UMAP Clustering Examples

To bring our exploration to a close, we examine specific examples of numbers obtained using UMAP clustering. This section highlights how different representations of the digit ‘one’ cluster together, providing a tangible example of UMAP’s power in grouping similar data points.

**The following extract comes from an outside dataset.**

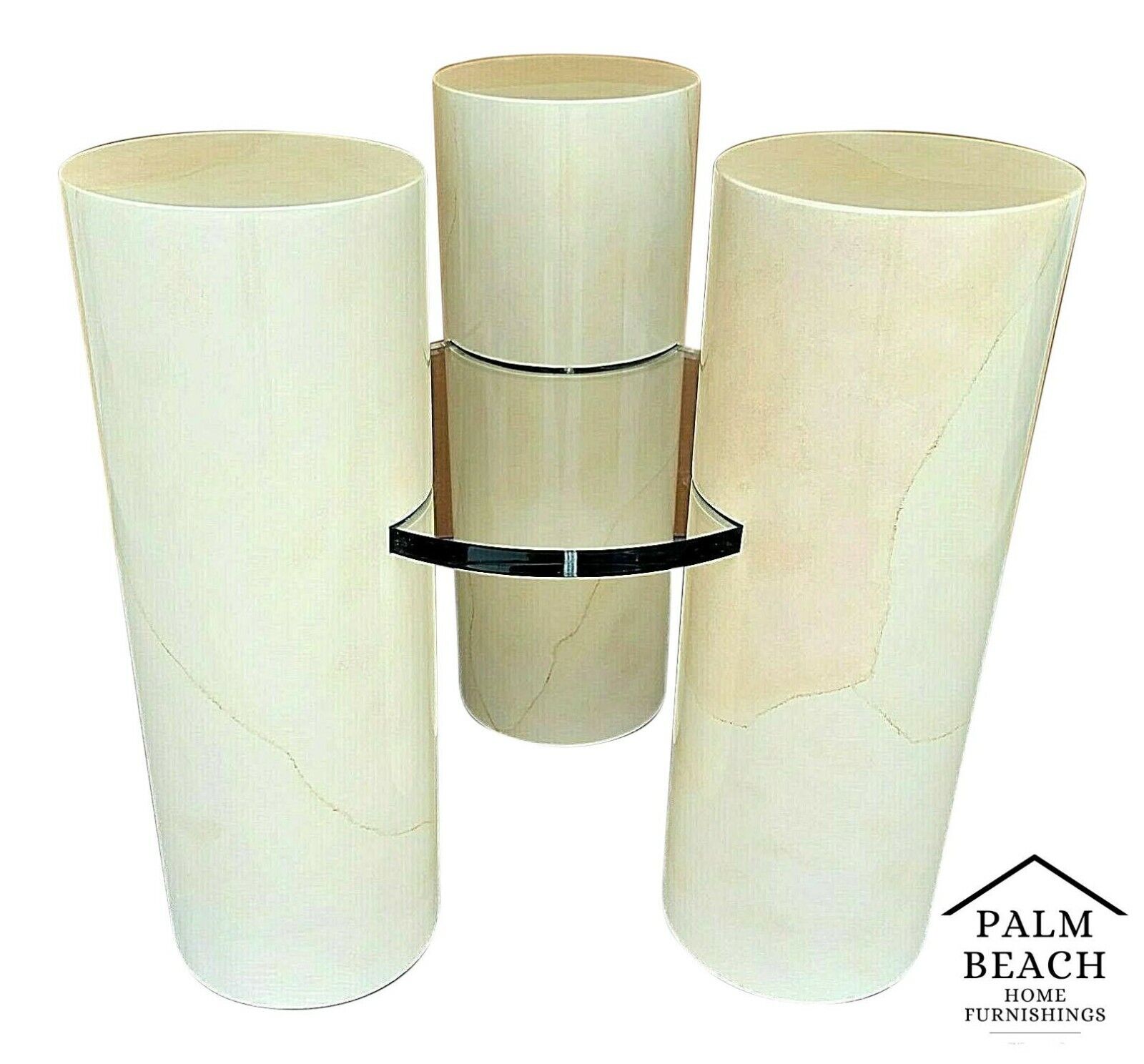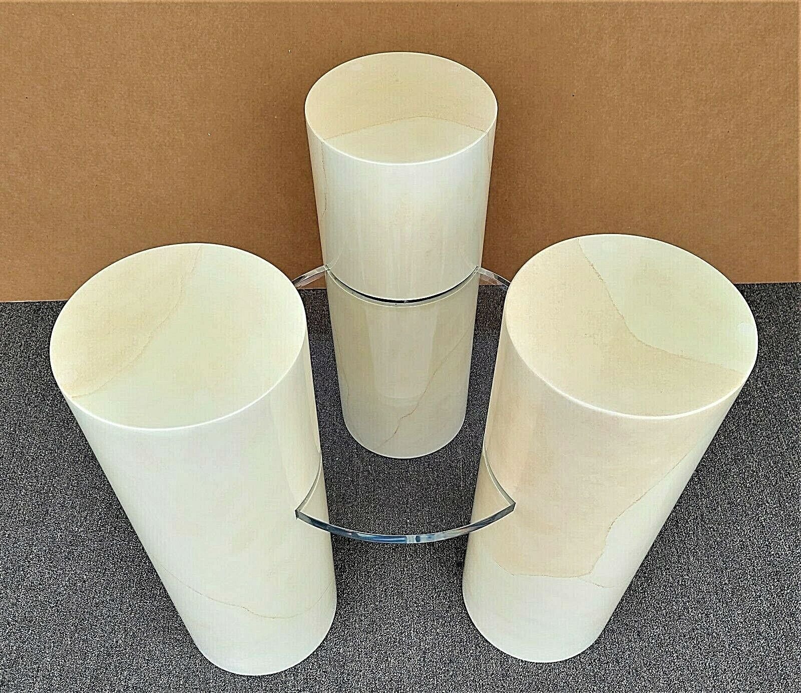 All 3 pillars are linked/secured together by the Lucite centerpiece which is not removable. Glass top is not included but we do have glass available at our showroom that would work with this base. If you decide to purchase a piece of glass from us there would be an additional charge and the shipping cost would also increase. Depending on your location, it can be easier and cheaper to find a piece of glass at a Habitat Restore or other thrift store.

# mmoving from left too right we have tilted ones
patchwork::wrap_plots(
    purrr::map(.x = c(871, 15, 649, 534), 
        .f =  ~ extract_value(.x) %>% 
              ggplot(aes(x, y, fill = pixel_intensity)) +
        geom_tile() +
        scale_fill_viridis_c(option = "inferno",) +
        theme_void() +
        facet_wrap(vars(label), scales = "free")
        )
    )

patchwork::wrap_plots(
    purrr::map(.x = c(1876, 1847, 1127), 
        .f =  ~ extract_value(.x) %>% 
              ggplot(aes(x, y, fill = pixel_intensity)) +
    geom_tile() +
    scale_fill_viridis_c(option = "inferno") +
    theme_void() +
    facet_wrap(vars(label), scales = "free")
        )
    )

# Conclusion

The journey through high-dimensional spaces is fraught with challenges, but as we’ve seen, techniques like PCA, UMAP, and MDS offer powerful tools to navigate this complexity. By reducing dimensions thoughtfully, we can uncover patterns and insights that would otherwise remain hidden in the sheer scale of data.